すごい。こんなに大声を出しても我が家の住民は一人として目を覚まさない。
眠りが深いのだろうか。夜中に地震が起きたら確実に逃げ遅れそうだ。
「わ、私は、ややや、八城井くんに、つ、つつ、付き合ってくださいって言ったん、で……す、よ」
後半は顔を真っ赤にして、声もどんどん小さくなりながらだった。
付き合う、だって。
「…………」
顔を赤くしたまま、しかし、判決を待つ容疑者のような張りつめた表情の尼守さん。
僕は、その真意を図りかねた。
付き合うって、まあ、確かに、そんな意味合いもあるんだろうけど、でも、そうだとしても、僕らは今日会ったばっかりだし、張るべき伏線も、通るべき出来事も、全くなかったのだ。

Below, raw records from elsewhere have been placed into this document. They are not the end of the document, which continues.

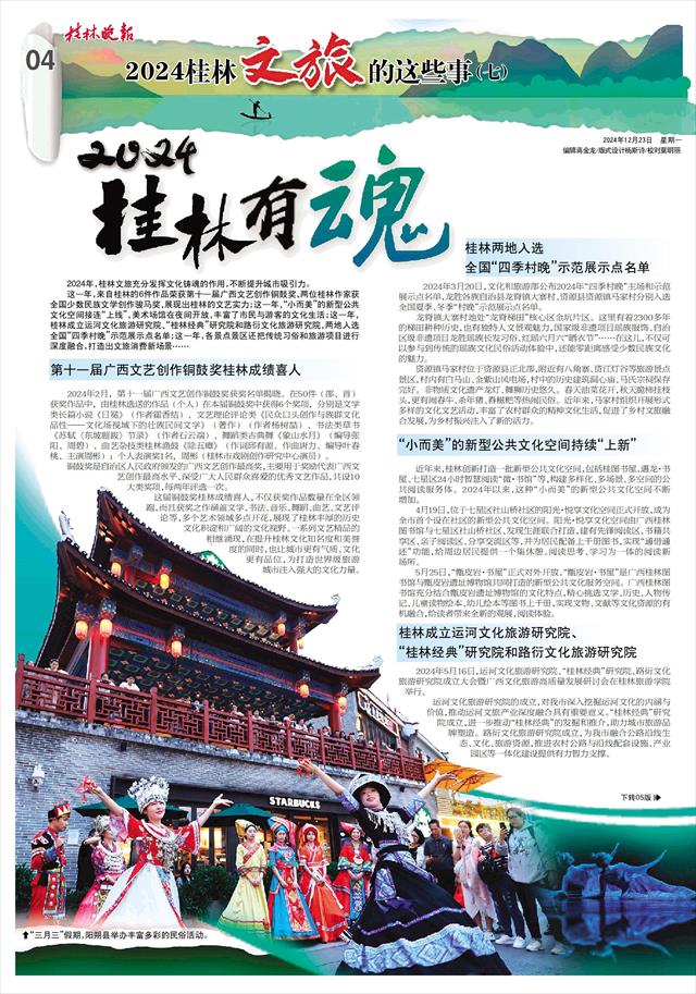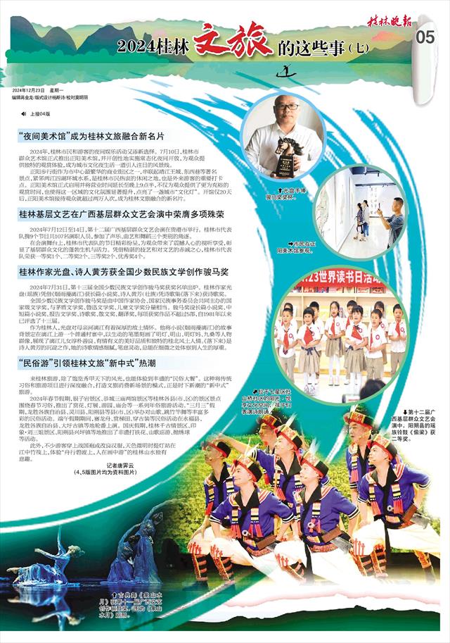 这一年,来自桂林的6件作品荣获第十一届广西文艺创作铜鼓奖、两位桂林作家获全国少数民族文学创作骏马奖,展现出桂林的文艺实力;这一年,“小而美”的新型公共文化空间接连“上线”,美术场馆在夜间开放,丰富了市民与游客的文化生活;这一年,桂林成立运河文化旅游研究院、“桂林经典”研究院和路衍文化旅游研究院,两地入选全国“四季村晚”示范展示点名单;这一年,各景点景区还把传统习俗和旅游项目进行深度融合,打造出文旅消费新场景……
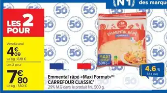 CARREFOUR CLASSIC Emmental râpé «Maxi Format» : offres et promos Carrefour Market à découvrir
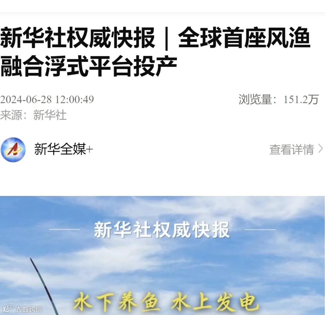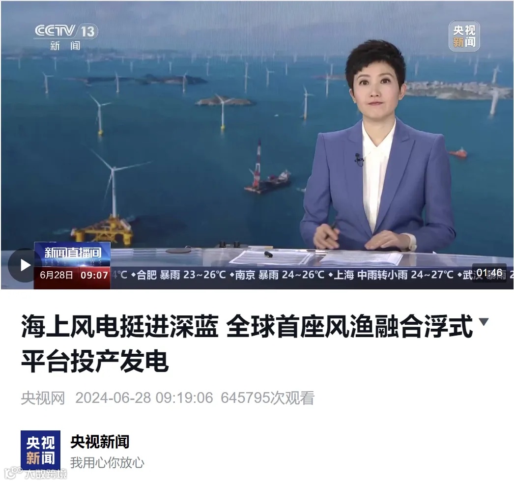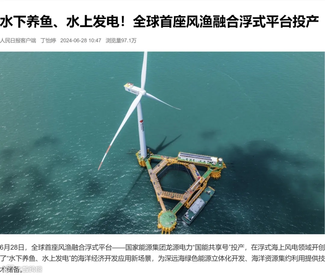 6月28日,全球首座风渔融合浮式平台——国家能源集团龙源电力“国能共享号”投产发电,项目首次实现了“浮式风电+深海养殖”的海洋经济开发应用新场景,为打造“绿色能源”和“蓝色粮仓”的融合发展提供了新样板,形成以风渔互补的高科技、高效能、高质量的新质生产力,引领风电开发迈入深远海。
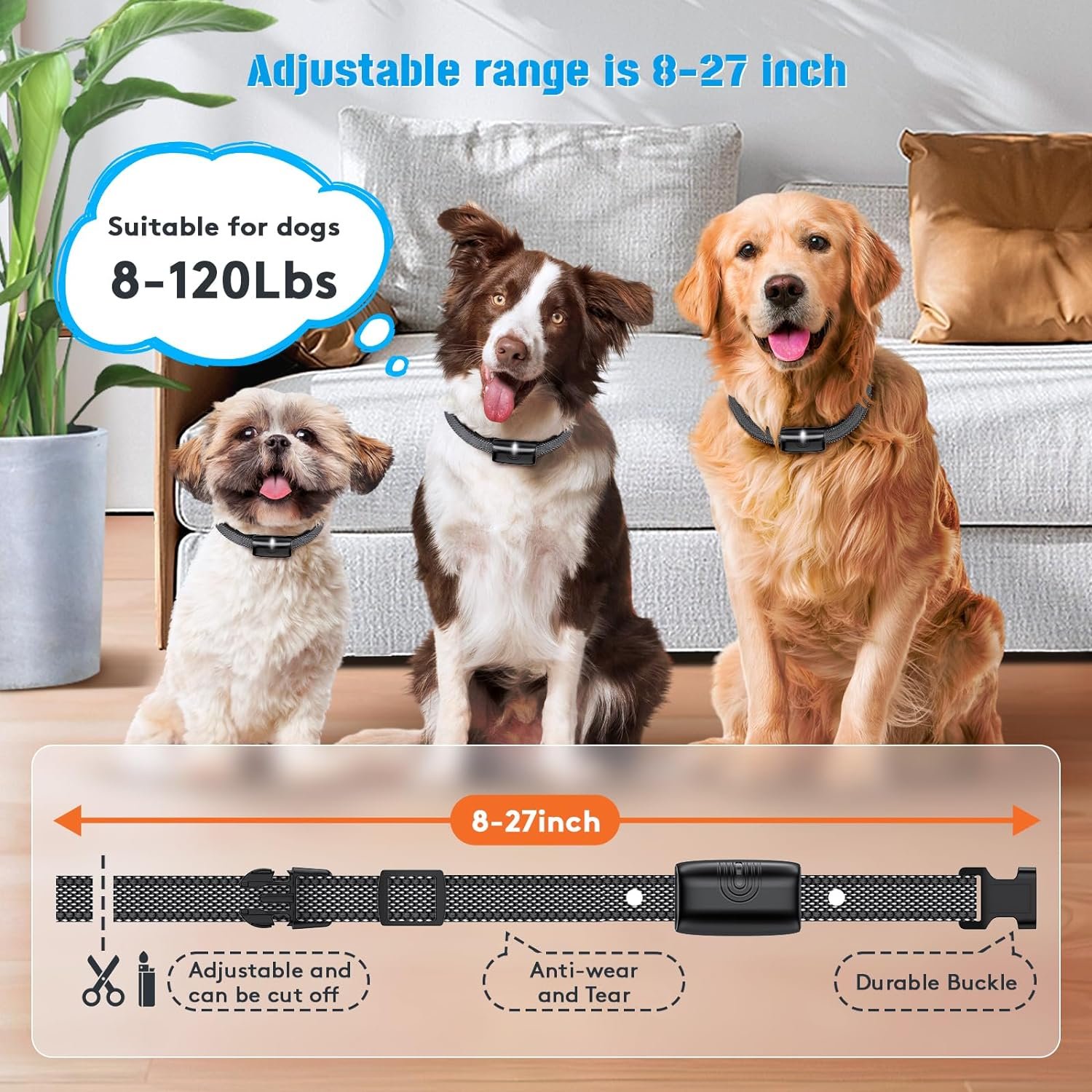 【Adjustable Collar Suitable for All Size Dogs】The leash is 29 inches long , and it can be cut off as needed,adjustable range is 8-27 inches, it is suitable for small, medium, and large dogs, and is from 8 to 140 lbs dogs.

ほんの二三時間の、有って無いような関係──会ってないような関係だ。だから、何が正解か、というのはわからない。むしろ、間違いくらいしか、僕にはわからない。
間違い。
それはおそらく、彼女がここに来たこと。
「えーと、尼守さん」
彼女を気遣うふりをしながら、僕は言った。